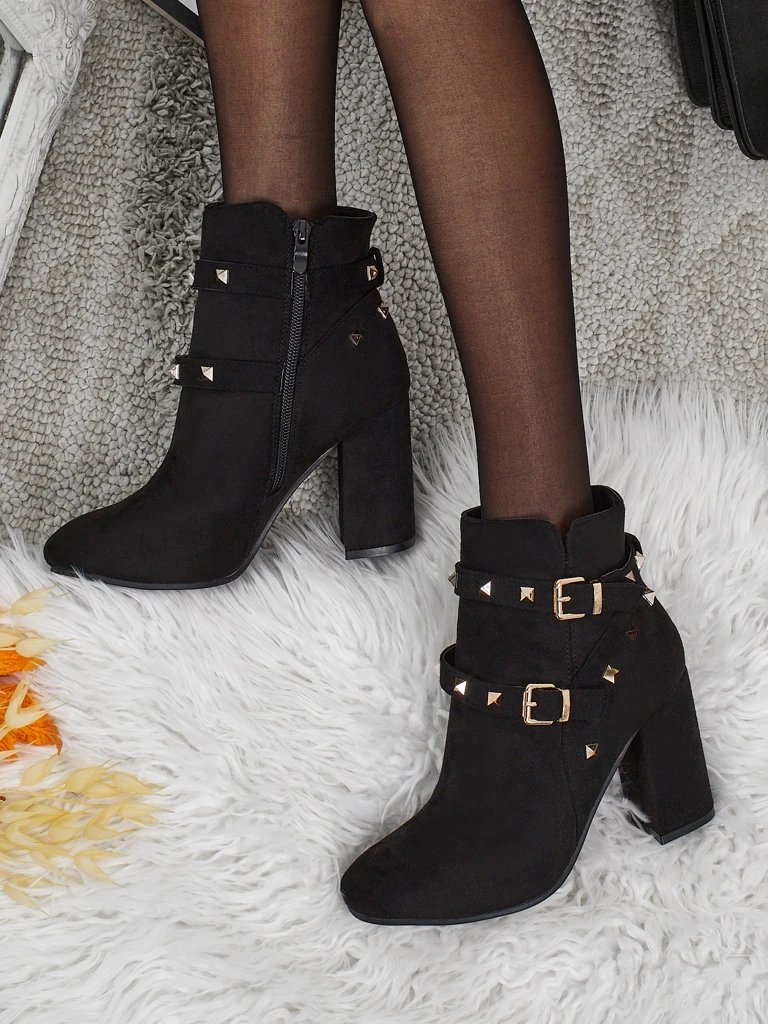 Charakterystycznym elementem są złote detale w postaci klamerek i ćwieków, które dodają botkom nieco punkowego charakteru. Słupkowy obcas o wysokości 9 cm zapewnia stabilność i wygodę podczas noszenia, a zamek błyskawiczny z tyłu ułatwia zakładanie i ściąganie.
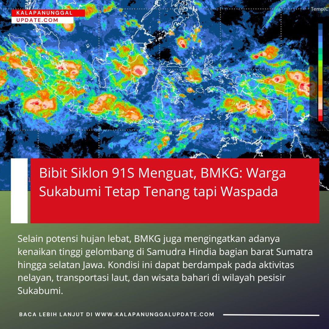 Kalapanunggalupdate.com, BMKG, ( 10 Desember 2025 ). — Badan Meteorologi, Klimatologi, dan Geofisika (BMKG) mengumumkan perkembangan terbaru terkait Bibit Siklon Tropis 91S yang saat ini berada di Samudra Hindia sebelah barat Provinsi Lampung. Meski belum masuk kategori siklon tropis penuh, sistem cuaca tersebut dinilai berpotensi memicu peningkatan curah hujan di sejumlah wilayah Indonesia.
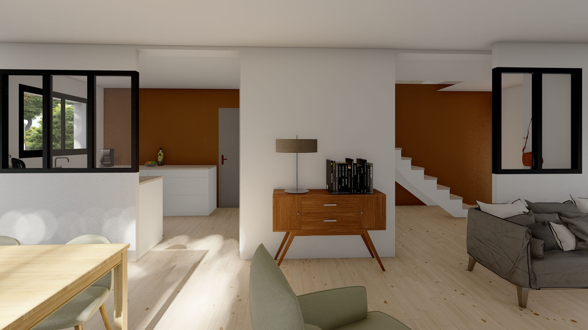 Cette maison comprend au rez-de-chaussée, une cuisine ouverte, un Salon / Séjour de 45m², des WC séparés,
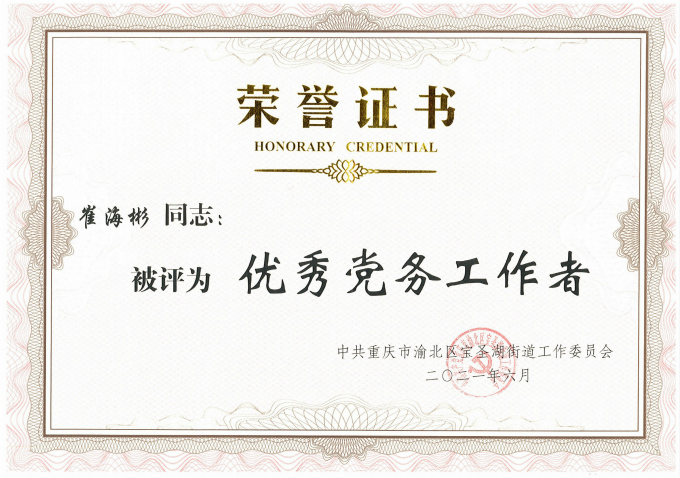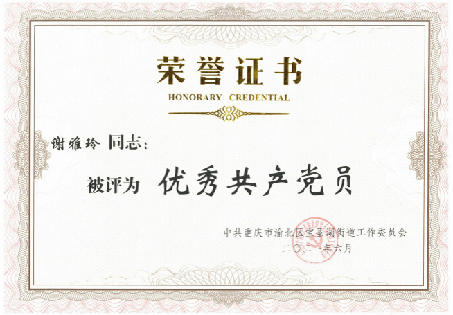 近日,开云英超官网_开云online(中国)党支部荣获渝北区宝圣湖街道“先进基层党组织”荣誉称号,支部谢雅玲同志获评“优秀共产党员”,崔海彬同志获评“优秀党务工作者”。
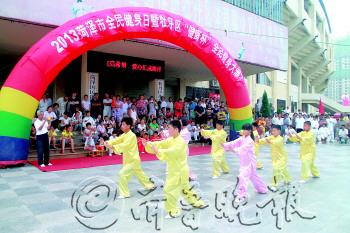 8月8日是第五个全国“全民健身日”。当天上午,2013菏泽市全民健身日暨牡丹区“健康杯”全民健身大展演在西关体育场举行,来自牡丹区42支队伍的1000余人参加了展演,共涉及武术、秧歌、健美操、太极拳、舞蹈等项目。
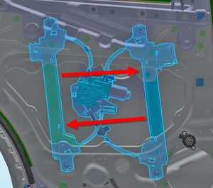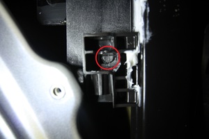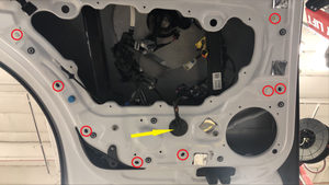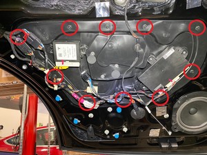 Note1x nut, 10mm, 9 Nm, Nut does not need to be fully removed, If required power the vehicle back on and use the window switch tool to move regulator for nut access
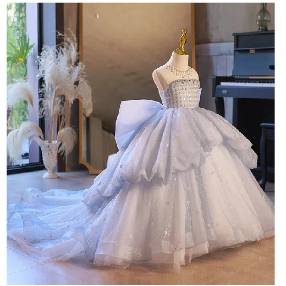 MQTIME - Elegant Flower Girl Dress For Wedding Sparkle Tulle Puffy Pearl Sleeveless Beaded Kids Birthday Party First Communion Ball Gowns
──────
- **WHAT THE TASK ASKS**: Repeat exactly and only the lines from the one holding "近日,开云英超官网_开云on" through the final line of the entries; no pictures.

- **YOUR SOLUTION**:
 近日,开云英超官网_开云online(中国)党支部荣获渝北区宝圣湖街道“先进基层党组织”荣誉称号,支部谢雅玲同志获评“优秀共产党员”,崔海彬同志获评“优秀党务工作者”。
 8月8日是第五个全国“全民健身日”。当天上午,2013菏泽市全民健身日暨牡丹区“健康杯”全民健身大展演在西关体育场举行,来自牡丹区42支队伍的1000余人参加了展演,共涉及武术、秧歌、健美操、太极拳、舞蹈等项目。
 Note1x nut, 10mm, 9 Nm, Nut does not need to be fully removed, If required power the vehicle back on and use the window switch tool to move regulator for nut access
 MQTIME - Elegant Flower Girl Dress For Wedding Sparkle Tulle Puffy Pearl Sleeveless Beaded Kids Birthday Party First Communion Ball Gowns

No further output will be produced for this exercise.